A local manufacturer will move and expand in 2016.

The entity behind Southpaw Enterprises Inc.— a Dayton-based manufacturer of sensory integration dysfunction and neurodevelopmental equipment — recently purchased 2350 Dryden Road in Moraine for $3.5 million, according to county records.

Alex Moore, president of Southpaw, said his company will invest roughly $500,000 to get the new space ready and hopes to move by April. Southpaw is currently in 38,000 square feet on North Irwin Street, but has outgrown the facility.

The new building is about 160,000 square feet and Southpaw will take about a third of the space. One tenant already is in the remaining space and Moore expects to add another.

Southpaw has 42 employees and will likely be in hiring mode when it gets into bigger space. The move will also position it for long-term growth, which is good news for the overall Dayton region economy.

“We’ve got a lot of good things we’ve been working on over the last few years and it’s kinda nice to see things finally coming to a head,” Moore said. “We’re starting to reap some of the rewards for projects that have taken three, four, five years to develop.”

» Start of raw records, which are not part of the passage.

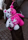 SPRAYGROUND WHITE & PINK DESIGN STORM MONEY BEAR BACKPACK NEW WITH TAGS LIMITED EDITION **SOLD OUT** PRODUCT DETAILS- Money Bear returns in this Limited Edition Teddy Bear Backpack Exterior- Dimensions: 25" x 7" x 12" Zippered pocket on belly Zippered pockets on each arm Large zippered pocket on back panel Adjustable Straps for custom sizing Fabric- Durable Polyester Velour water-resistant fabric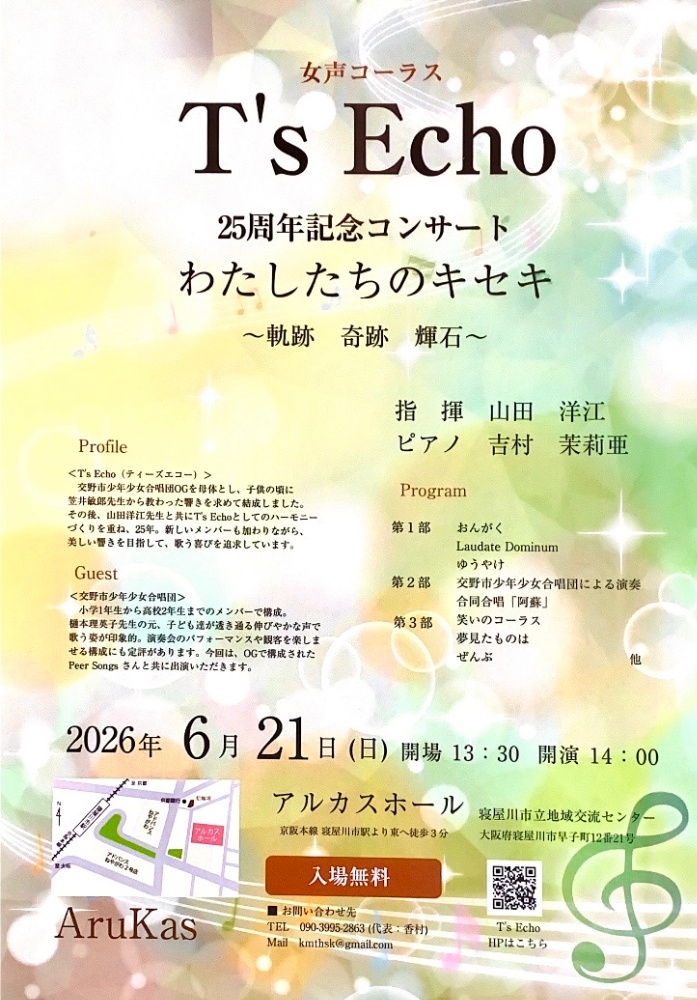 私たちT’s Echo(ティーズエコー) は、交野市少年少女合唱団のOGを母体として結成され、2026年度には25周年コンサートを開催予定です。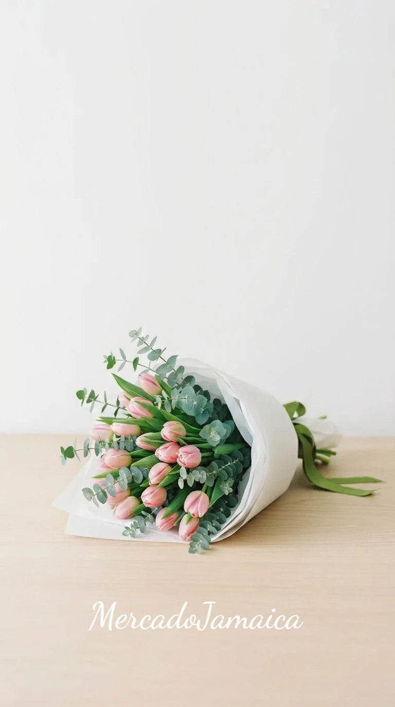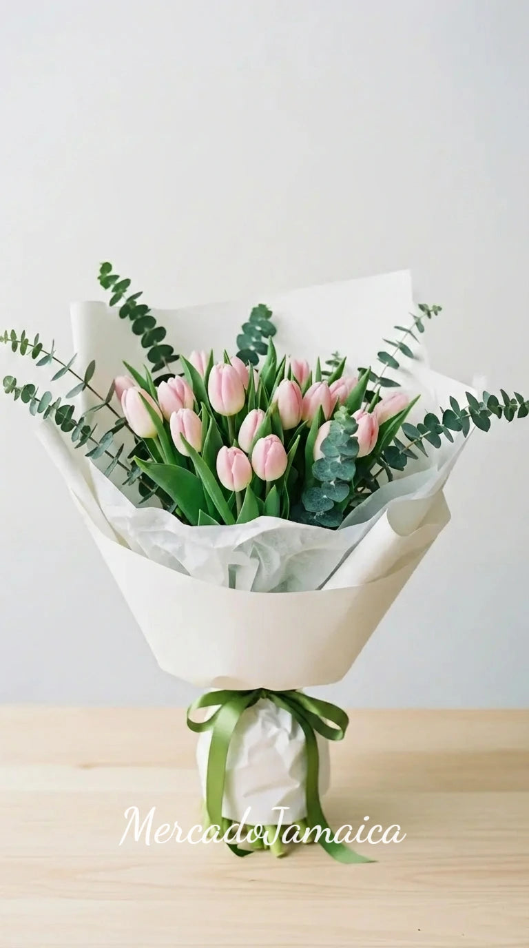 Los tulipanes rosa son símbolos de cuidado y afecto, y este ramo es ideal para mostrar aprecio, celebrar lazos especiales o simplemente llevar un trozo de la primavera a cualquier entorno.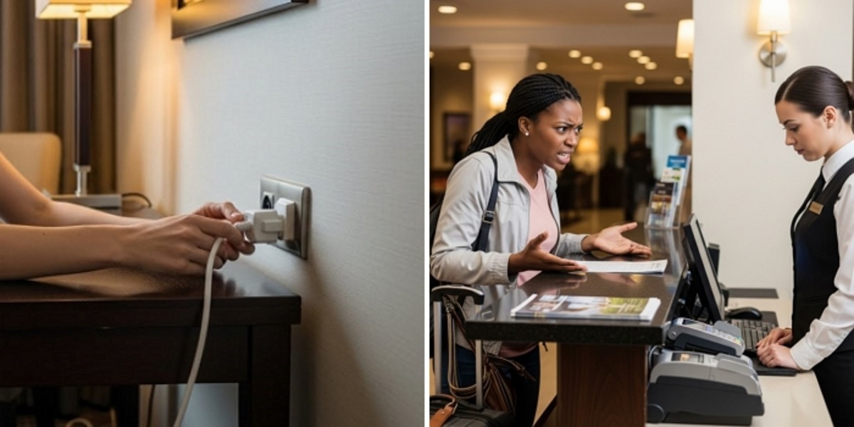 그년느 호텔 객실에 체크인한 후 아들의 휴대전화를 충전하려고 콘센트에 꽂혀있는 플러그를 뽑아 사용했습니다.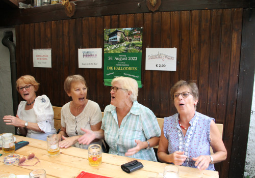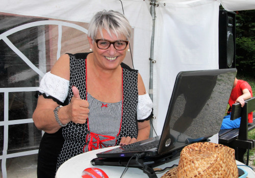 Die Stimmung war ausgezeichnet und es wurde geschunkelt und auch gesungen und getanzt. Die Hallodries wechselten immer wieder den Spielort mal oben auf der Terrasse dann wieder bei der Weinbar. Wenn sie oben spielten, heizte unsere "Susa" den Gästen als DJ ein.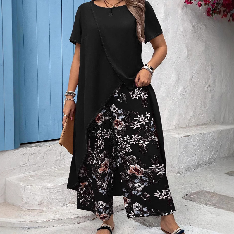 Pakiet zawiera: 1* damski top w jednolitym kolorze i zestaw spodni z nadrukiem

Southpaw’s equipment is typically used to help children with autism or any sensory processing disorder. The company, owned by Franklin Howard, has been in Dayton since the late 1970s.

Aaron Savino with Miller-Valentine Group represented Southpaw and Doug Whitten with CBRE represented the seller in the transaction.

The Dryden Road site was home to International Fineblanking and Plastech, but has been mostly vacant for several years except for some short-term tenants. It was sold by Boston-based real estate investment firm Stag Capital Partners, which just sold the former Motoman site in West Carrollton to NuVasive.

Moore said Southpaw’s growth has been slow and steady since the recession, with 2015 its second best year ever. Some of the growth has been fueled by international demand since opening a UK office last year.

“And we’ve got some new markets we’ve been getting into over the years that have really been driving (the growth),” he said.

In 2011, while a vice president at Southpaw, we told you Moore opened a sensory gym designed for children in Washington Township. He said that business venture lasted about two years, but didn’t get enough traction to stay open.